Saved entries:
────────────────────
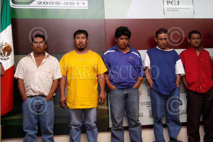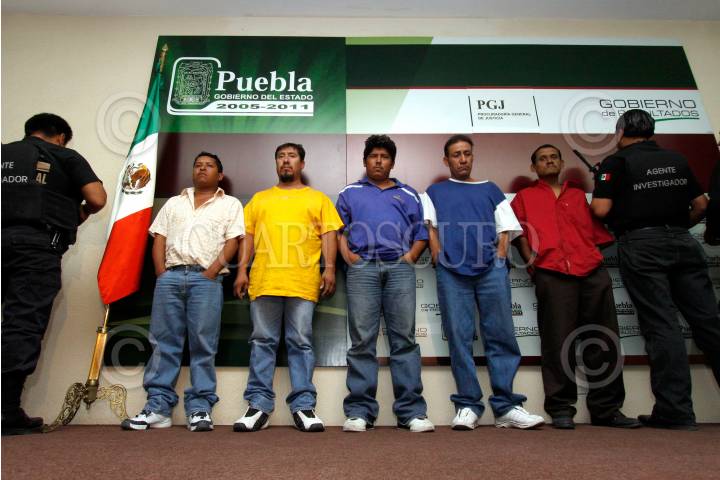 PUEBLA, PUEBLA, 06MARZO2009.- Cinco presuntos integrantes de una banda delictiva, provenientes del vecino estado de Morelos, fueron detenidos por los asaltos cometidos a 20 sucursales de la institución bancaria HSBC, ubicadas en este estado. La policía judicial logró su captura cuando los involucrados se disponían a realizar el atraco número veintiuno. FOTO: JAVIER PALACIOS/CUARTOSCURO.COM
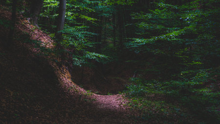 A mystical trail leads through a dense forest, illuminated by soft morning light and surrounded by greenery.
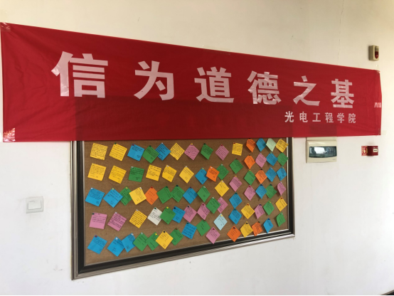本次活动主题为“诚乃立身之本,信为道德之基”,活动由书写诚信寄语、诚信宣誓两部分组成。一句句积极向上的寄语和整齐洪亮的宣誓体现了同学们对诚信的深刻理解,展现了我院学子积极向上的精神风貌,传递诚信正能量。
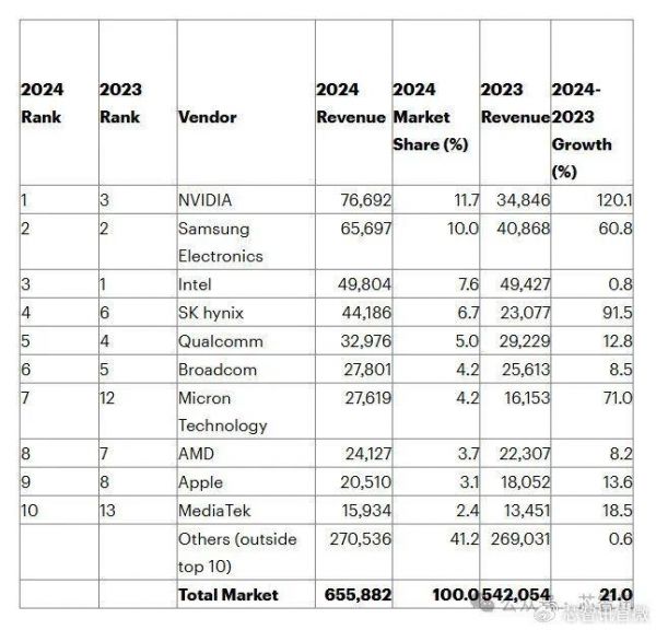 具体来说,英伟达2024年半导体营收达766.92亿美元,同比暴涨120.1%,排名自2023年的第三名跃至2024年的第一名,主要受益于图形处理器(GPU)需求显著增长;三星2024年营收656.97亿美元,同比大涨60.8%,维持第二名,这主要得益于存储芯片出货量和价格上涨;英特尔2024年营收为498.04亿美元,因面临的竞争加剧,同比增长仅0.8%,自2023年的第一名跌落至2024年的第三名。
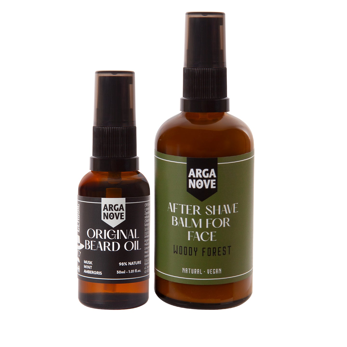 W zestawie: Naturalny łagodzący balsam po goleniu Woody Forest 100 ml, Olejek do pielęgnacji brody i twarzy Oryginalny 30 ml.
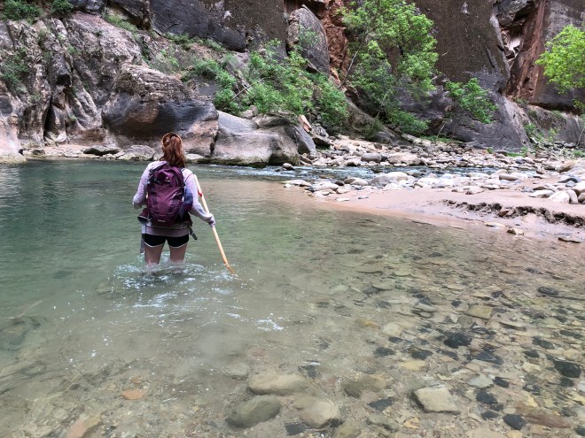 This morning was an early call, we planned to be out the door with bags packed by 7:00 AM. We were driving to Zion Lodge where we would spend the night tonight and because of that, we were able to park our car there and pick up the shuttle from there to the trailhead-a huge time savings! Our destination for the day was The Narrows, the one thing Jenny had specifically requested to do on this trip. We had picked up the necessary gear yesterday-neoprene socks, water boots and a wading staff. We had received conflicting reports whether or not the special gear was necessary but I had decided, overkill in these situations is always better than underkill.
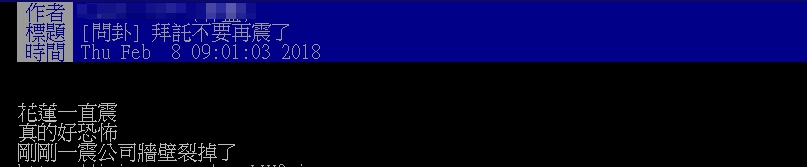 PTT上PO文表示,花蓮餘震不斷,晃動感相當明顯,而公司靠窗的牆面上竟出現裂縫,且裂縫還不只一處,讓他感到相當惶恐,卻仍必須將工作上的資料處理完畢。沒想到震完一波停止後,竟又接著下一波餘震,讓他嚇壞,問網友「我該跑嗎」,不知自己是否要拋下工作,趕緊逃生。
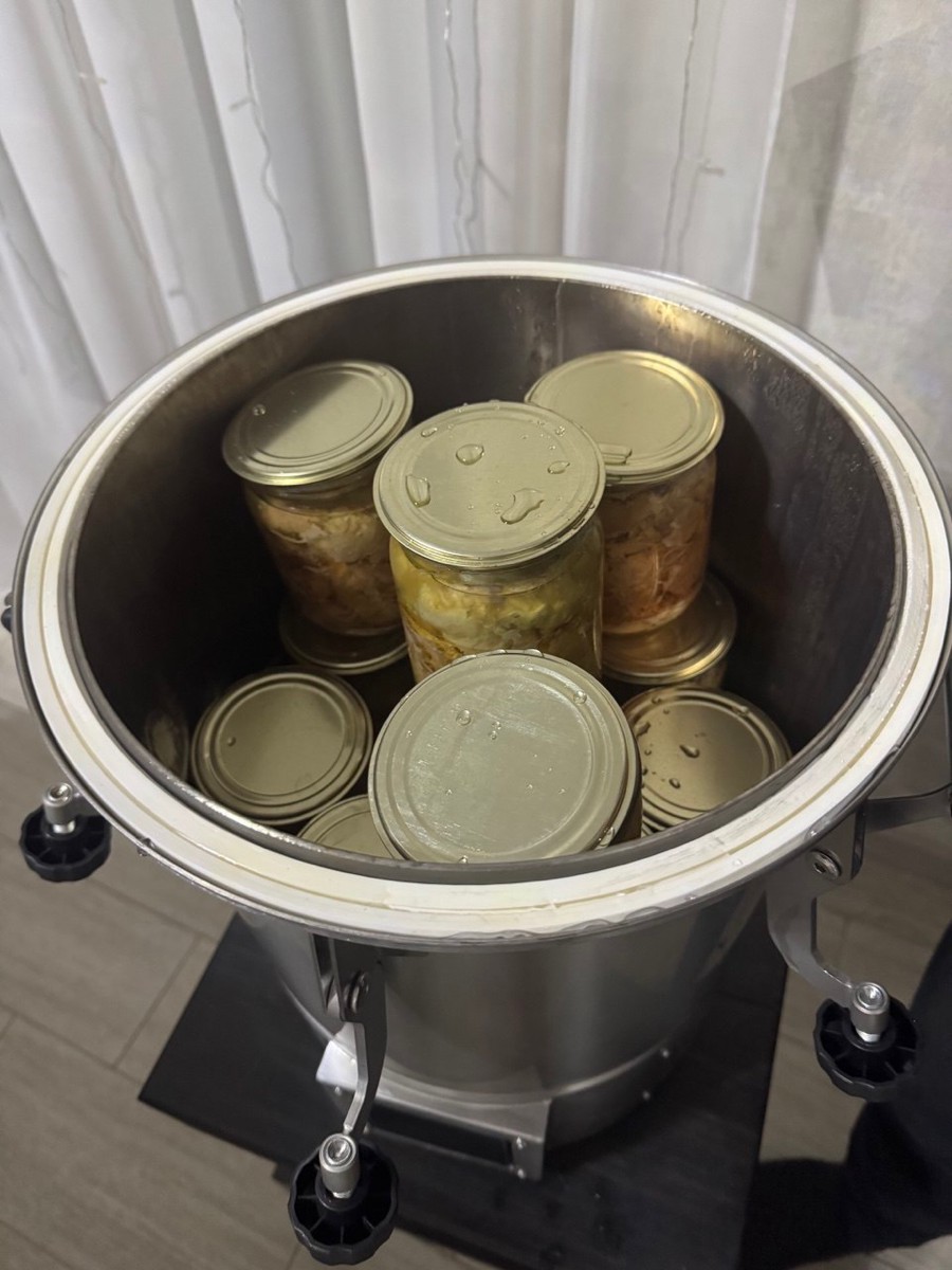 Получила хорошо упакованным, в срок) все на месте, сюрпризом были крышки и наклеечки на банки, спасибо большое, это приятно, пробным была говядина, следом пошла греча по-купечески, завтра будет утка, очень замечательный помощник, залил, загрузил, нажал и все, спасибо производителю и доставке за работу
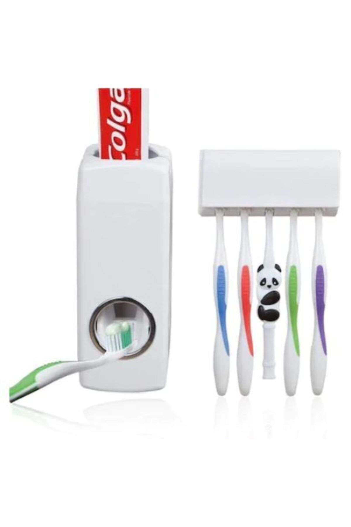 Oto Matik Diş Macunu Sıkma Cihazı 5 Adet Diş Fırçalık Aparat
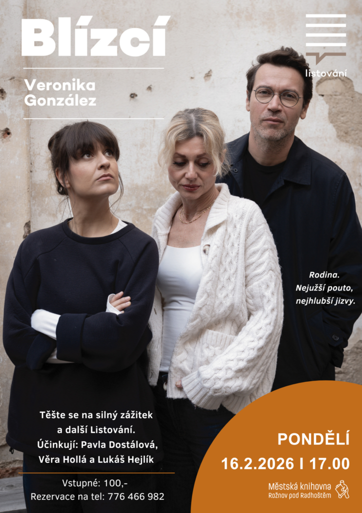 A kdo nám zahraje? Do knihovny za námi dorazí Pavla Dostálová, Věra Hollá a Lukáš Hejlík. Vstupné 100,-, vstupenky k prodeji v knihovně.
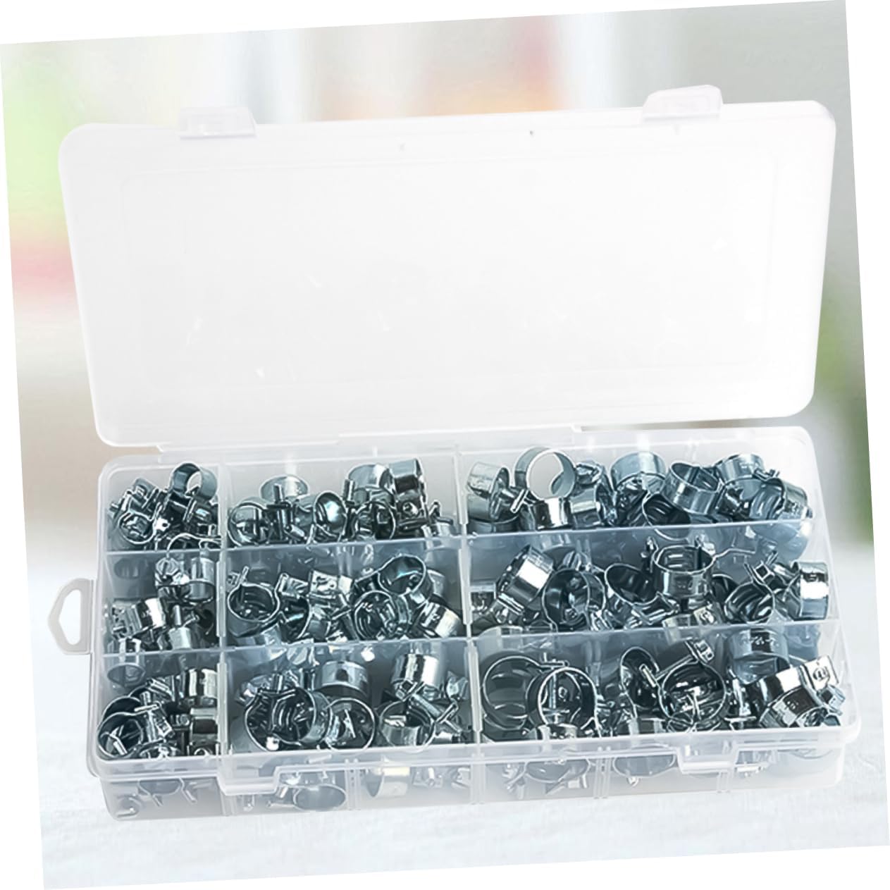 Package List 135 x Hose Clamp Features - Size: Approx. x 4 cm / 9.4 x 4.7 x 1.6 inch Zinc Plating Hose Clip. - Color: Silver Water Clamps. - Material: Metal Mini Spring Buckle for Water. - Made of metal material with zinc plating process, durable and strong for use Metal for Hose. - Differrent sizes to meet your different needs Metal Hose Clamp. - Lightweight and portable, easy to carry out and store. - Suitable for hose air hose, water , line, silicone hose, etc. - Versatile and easy to use and maintain.Goods InformationWater Clamps It is versatile and easy to use and maintain.Zinc Plating Hose Clip Compact in size, light in weight, easy to carry out and store.Mini Spring Buckle for Water This item is a set of 135pcs spring clips, made of and durable metal material with zinc plating process, fit for hose air hose, water , line, silicone hose, etc
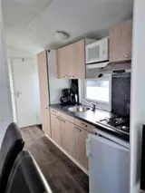 Dit chalet ligt in de buurt van de ingang. De woonkamer heeft een zithoek, flatscreen-tv, dvd-speler, radio/cd-speler en een eethoek. De open keuken is ingericht met fornuis, koelkast en magnetron. Er zijn twee slaapkamers, waarvan een met tweepersoons bed. De andere slaapkamer heeft 2 eenpersoons bedden. De badkamer heeft een douche, wastafel en toilet.Het chalet heeft een afgeschermd terras met tuinmeubilair.
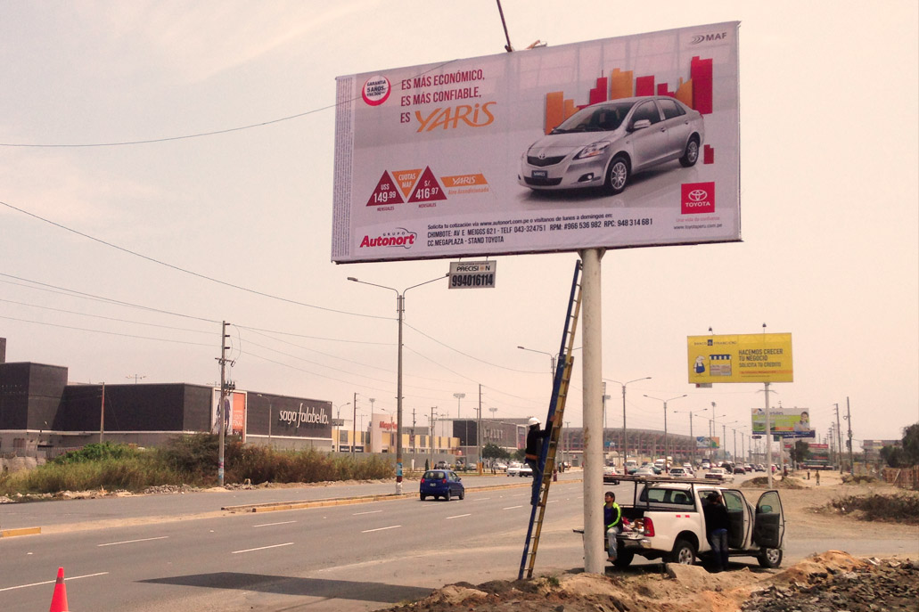 ° Producción de lona publicitaria e instalación en panel unipolar exterior publicitario con campaña Toyota para Chimbote frente a Mega Plaza.
────────────────────
For this exercise, return every entry verbatim and omit all pictures.

● **EXPECTED ANSWER**
 PUEBLA, PUEBLA, 06MARZO2009.- Cinco presuntos integrantes de una banda delictiva, provenientes del vecino estado de Morelos, fueron detenidos por los asaltos cometidos a 20 sucursales de la institución bancaria HSBC, ubicadas en este estado. La policía judicial logró su captura cuando los involucrados se disponían a realizar el atraco número veintiuno. FOTO: JAVIER PALACIOS/CUARTOSCURO.COM
 A mystical trail leads through a dense forest, illuminated by soft morning light and surrounded by greenery.
本次活动主题为“诚乃立身之本,信为道德之基”,活动由书写诚信寄语、诚信宣誓两部分组成。一句句积极向上的寄语和整齐洪亮的宣誓体现了同学们对诚信的深刻理解,展现了我院学子积极向上的精神风貌,传递诚信正能量。
 具体来说,英伟达2024年半导体营收达766.92亿美元,同比暴涨120.1%,排名自2023年的第三名跃至2024年的第一名,主要受益于图形处理器(GPU)需求显著增长;三星2024年营收656.97亿美元,同比大涨60.8%,维持第二名,这主要得益于存储芯片出货量和价格上涨;英特尔2024年营收为498.04亿美元,因面临的竞争加剧,同比增长仅0.8%,自2023年的第一名跌落至2024年的第三名。
 W zestawie: Naturalny łagodzący balsam po goleniu Woody Forest 100 ml, Olejek do pielęgnacji brody i twarzy Oryginalny 30 ml.
 This morning was an early call, we planned to be out the door with bags packed by 7:00 AM. We were driving to Zion Lodge where we would spend the night tonight and because of that, we were able to park our car there and pick up the shuttle from there to the trailhead-a huge time savings! Our destination for the day was The Narrows, the one thing Jenny had specifically requested to do on this trip. We had picked up the necessary gear yesterday-neoprene socks, water boots and a wading staff. We had received conflicting reports whether or not the special gear was necessary but I had decided, overkill in these situations is always better than underkill.
 PTT上PO文表示,花蓮餘震不斷,晃動感相當明顯,而公司靠窗的牆面上竟出現裂縫,且裂縫還不只一處,讓他感到相當惶恐,卻仍必須將工作上的資料處理完畢。沒想到震完一波停止後,竟又接著下一波餘震,讓他嚇壞,問網友「我該跑嗎」,不知自己是否要拋下工作,趕緊逃生。
 Получила хорошо упакованным, в срок) все на месте, сюрпризом были крышки и наклеечки на банки, спасибо большое, это приятно, пробным была говядина, следом пошла греча по-купечески, завтра будет утка, очень замечательный помощник, залил, загрузил, нажал и все, спасибо производителю и доставке за работу
 Oto Matik Diş Macunu Sıkma Cihazı 5 Adet Diş Fırçalık Aparat
 A kdo nám zahraje? Do knihovny za námi dorazí Pavla Dostálová, Věra Hollá a Lukáš Hejlík. Vstupné 100,-, vstupenky k prodeji v knihovně.
 Package List 135 x Hose Clamp Features - Size: Approx. x 4 cm / 9.4 x 4.7 x 1.6 inch Zinc Plating Hose Clip. - Color: Silver Water Clamps. - Material: Metal Mini Spring Buckle for Water. - Made of metal material with zinc plating process, durable and strong for use Metal for Hose. - Differrent sizes to meet your different needs Metal Hose Clamp. - Lightweight and portable, easy to carry out and store. - Suitable for hose air hose, water , line, silicone hose, etc. - Versatile and easy to use and maintain.Goods InformationWater Clamps It is versatile and easy to use and maintain.Zinc Plating Hose Clip Compact in size, light in weight, easy to carry out and store.Mini Spring Buckle for Water This item is a set of 135pcs spring clips, made of and durable metal material with zinc plating process, fit for hose air hose, water , line, silicone hose, etc
 Dit chalet ligt in de buurt van de ingang. De woonkamer heeft een zithoek, flatscreen-tv, dvd-speler, radio/cd-speler en een eethoek. De open keuken is ingericht met fornuis, koelkast en magnetron. Er zijn twee slaapkamers, waarvan een met tweepersoons bed. De andere slaapkamer heeft 2 eenpersoons bedden. De badkamer heeft een douche, wastafel en toilet.Het chalet heeft een afgeschermd terras met tuinmeubilair.
 ° Producción de lona publicitaria e instalación en panel unipolar exterior publicitario con campaña Toyota para Chimbote frente a Mega Plaza.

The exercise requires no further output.